Dataset excerpts:
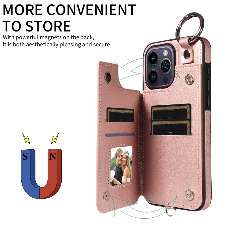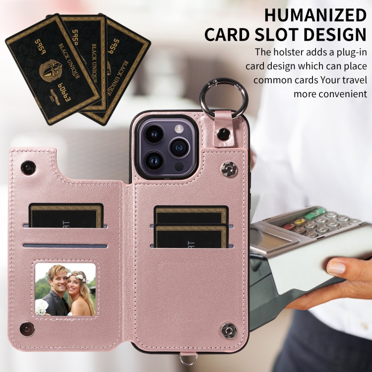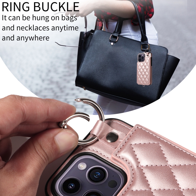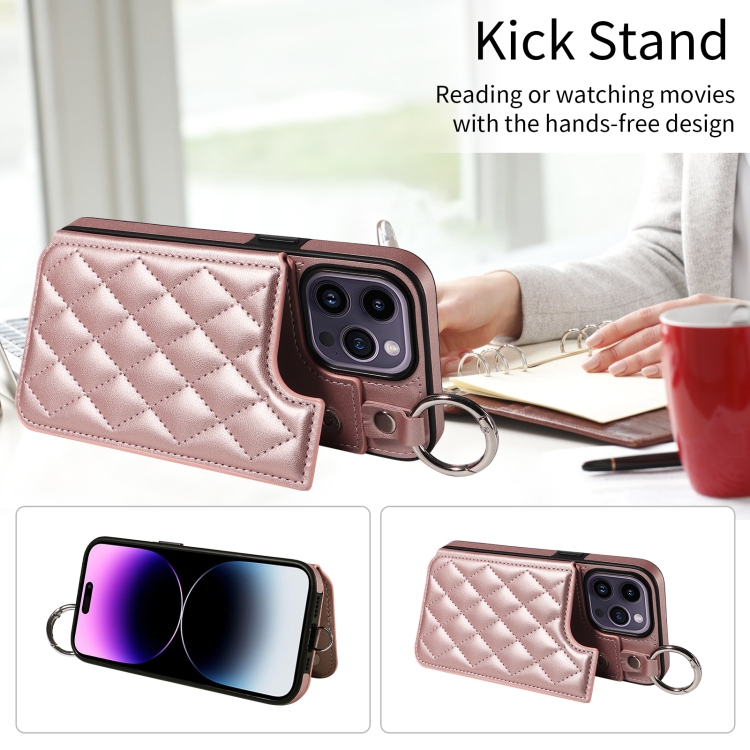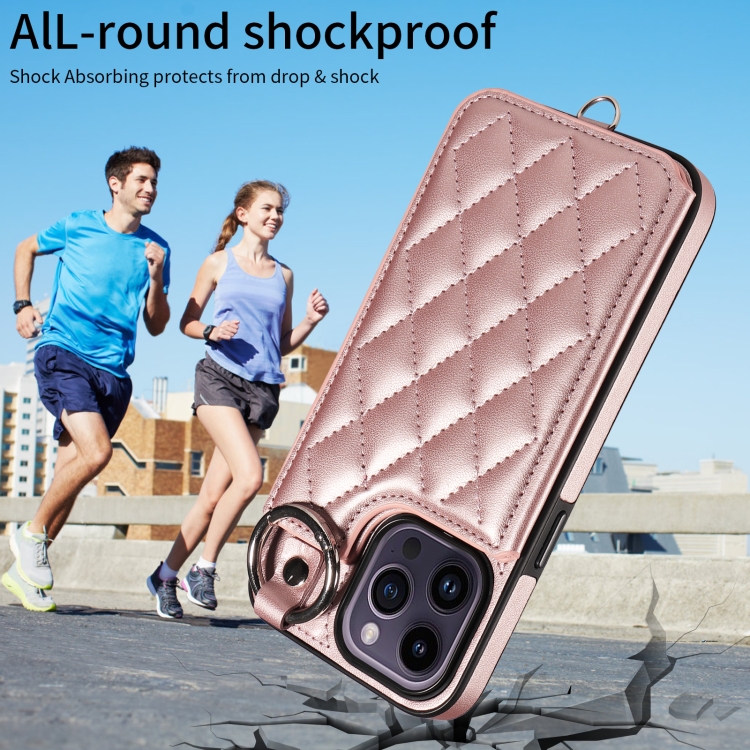 Estuche para Teléfono iPhone 14 Pro Max con Bolsa para Tarjetas Textura Rómbica y Cordón Corto (Oro Rosa)
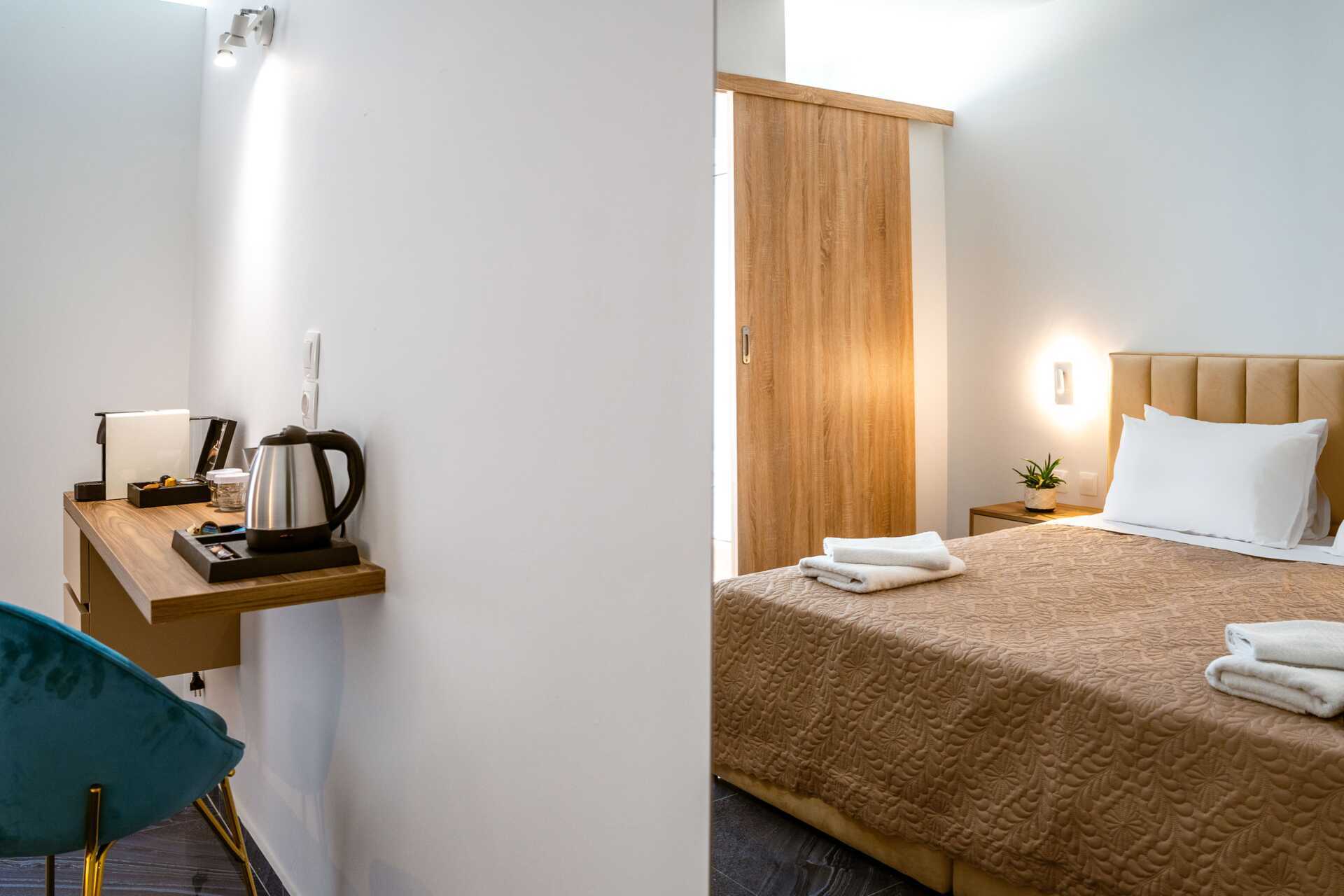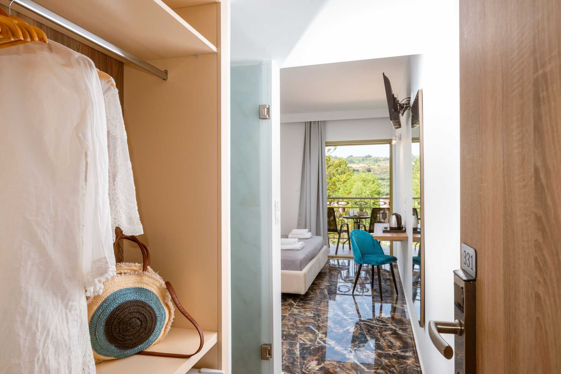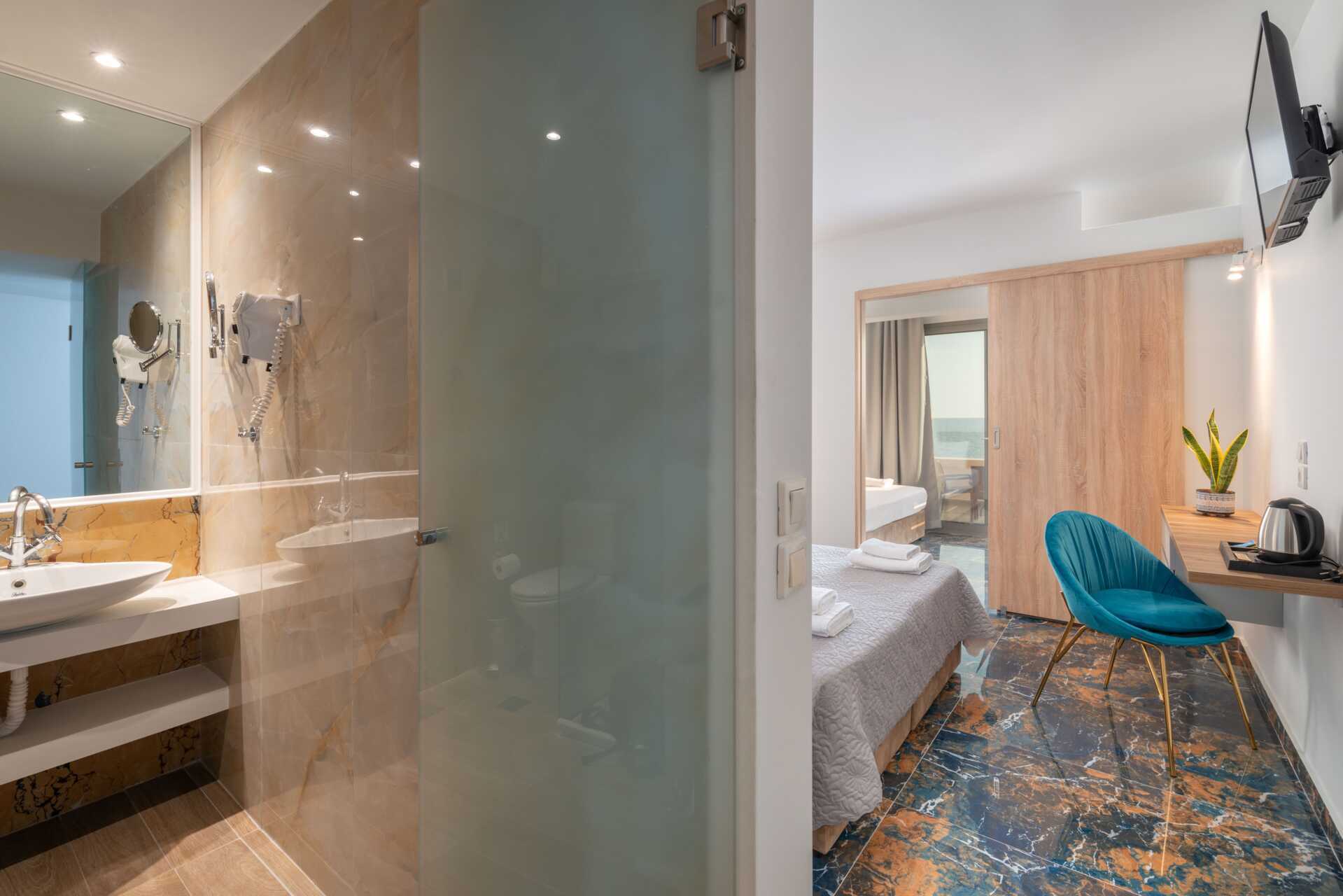 Junior-suite med balkon og havudsigt. En dobbeltseng. Mulighed for ekstra opredning i sovesofa. Gratis wifi, aircondition og deponering. Køleskab. Nespresso kaffemaskine. Tv med internationale kanaler. Hårtørrer. Badeværelse med bruser og toilet. Rengøring 7 gange om ugen. Børn under to år tæller med i det maksimale antal personer på værelset. Junior-suiterne er placeret i både hovedbygningen og sidebygningerne.
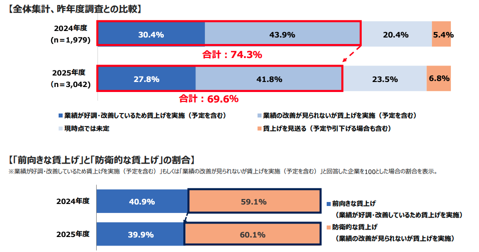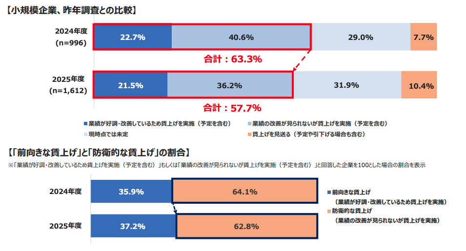 さらに深刻なのは、従業員20人以下の小規模事業者です。賃上げ実施率は57.7%と昨年より5.6ポイント低く、その中でも防衛的賃上げの割合は62.8%に達します。小規模事業者ほど、賃上げの原資確保に苦しんでいる実態が数字に表れています。
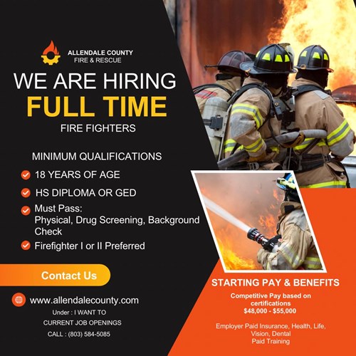 Allendale County Fire & Rescue is hiring and searching full-time firefighters.
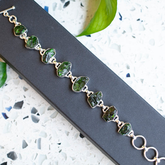 Raw Chrome Dioptase Bracelet, Sterling Silver
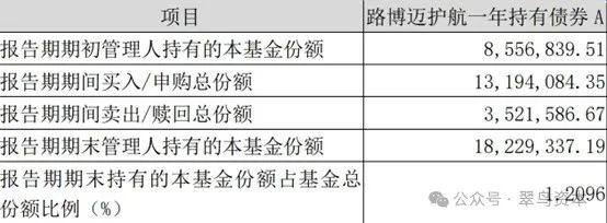 截至2024年一季度末,路博迈使用自有资金持有的上述产品份额,占基金总份额比例为1.2096%。
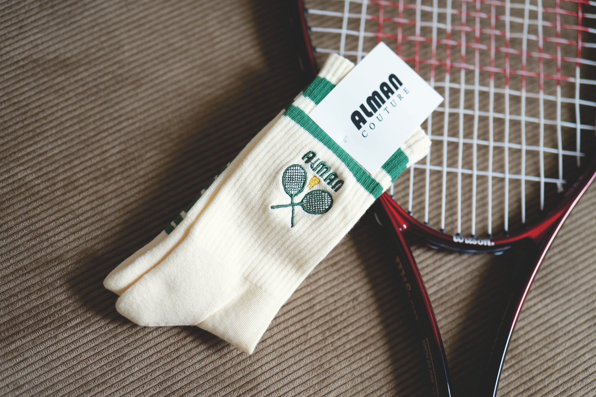 Modisches Design: Sportliche Retro Tennissocke mit subtilem Statement.
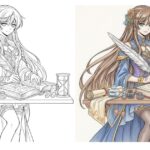 気品あふれる魔法学者が、羽ペンを手に古代の書を綴る姿を描いた幻想的な塗り絵です。机の上にはインク瓶や巻物、砂時計が並び、知識と時の重みを感じさせます。彼女の青と金を基調とした衣装は高貴でありながら繊細な美しさを放ち、足元のフクロウが知恵の象徴として静かに見守ります。金のアクセントや布の陰影を丁寧に重ねることで、知性と優雅さが調和する華麗な世界を表現できる一枚です。
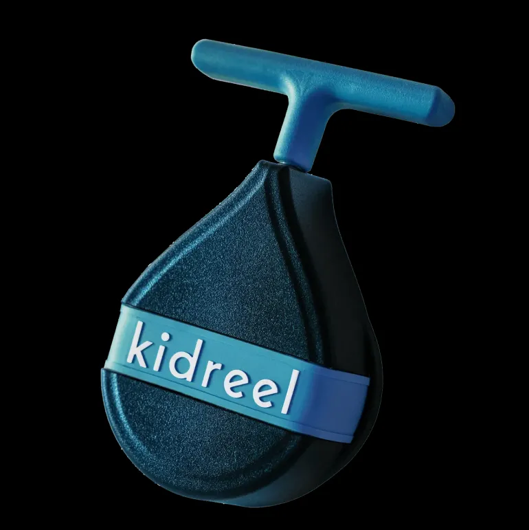 Med Kidreel Blue kan föräldrar bogsera sitt barn. Det är en rulle som enkelt monteras på barncykeln och automatiskt spolas tillbaka så att du kan bogsera dem vid behov. Produkten passar från det att barnet lärt sig att cykla, till den dag de kör om mamma och pappa i nedförsbacken.

#### Activity:
Beginning with the line that contains "Junior-suite med balkon" in the data above, please copy each line exactly until the last line, both ends included, skipping any pictures.

#### Exercise solution:
 Junior-suite med balkon og havudsigt. En dobbeltseng. Mulighed for ekstra opredning i sovesofa. Gratis wifi, aircondition og deponering. Køleskab. Nespresso kaffemaskine. Tv med internationale kanaler. Hårtørrer. Badeværelse med bruser og toilet. Rengøring 7 gange om ugen. Børn under to år tæller med i det maksimale antal personer på værelset. Junior-suiterne er placeret i både hovedbygningen og sidebygningerne.
 さらに深刻なのは、従業員20人以下の小規模事業者です。賃上げ実施率は57.7%と昨年より5.6ポイント低く、その中でも防衛的賃上げの割合は62.8%に達します。小規模事業者ほど、賃上げの原資確保に苦しんでいる実態が数字に表れています。
 Allendale County Fire & Rescue is hiring and searching full-time firefighters.
 Raw Chrome Dioptase Bracelet, Sterling Silver
 截至2024年一季度末,路博迈使用自有资金持有的上述产品份额,占基金总份额比例为1.2096%。
 Modisches Design: Sportliche Retro Tennissocke mit subtilem Statement.
 気品あふれる魔法学者が、羽ペンを手に古代の書を綴る姿を描いた幻想的な塗り絵です。机の上にはインク瓶や巻物、砂時計が並び、知識と時の重みを感じさせます。彼女の青と金を基調とした衣装は高貴でありながら繊細な美しさを放ち、足元のフクロウが知恵の象徴として静かに見守ります。金のアクセントや布の陰影を丁寧に重ねることで、知性と優雅さが調和する華麗な世界を表現できる一枚です。
 Med Kidreel Blue kan föräldrar bogsera sitt barn. Det är en rulle som enkelt monteras på barncykeln och automatiskt spolas tillbaka så att du kan bogsera dem vid behov. Produkten passar från det att barnet lärt sig att cykla, till den dag de kör om mamma och pappa i nedförsbacken.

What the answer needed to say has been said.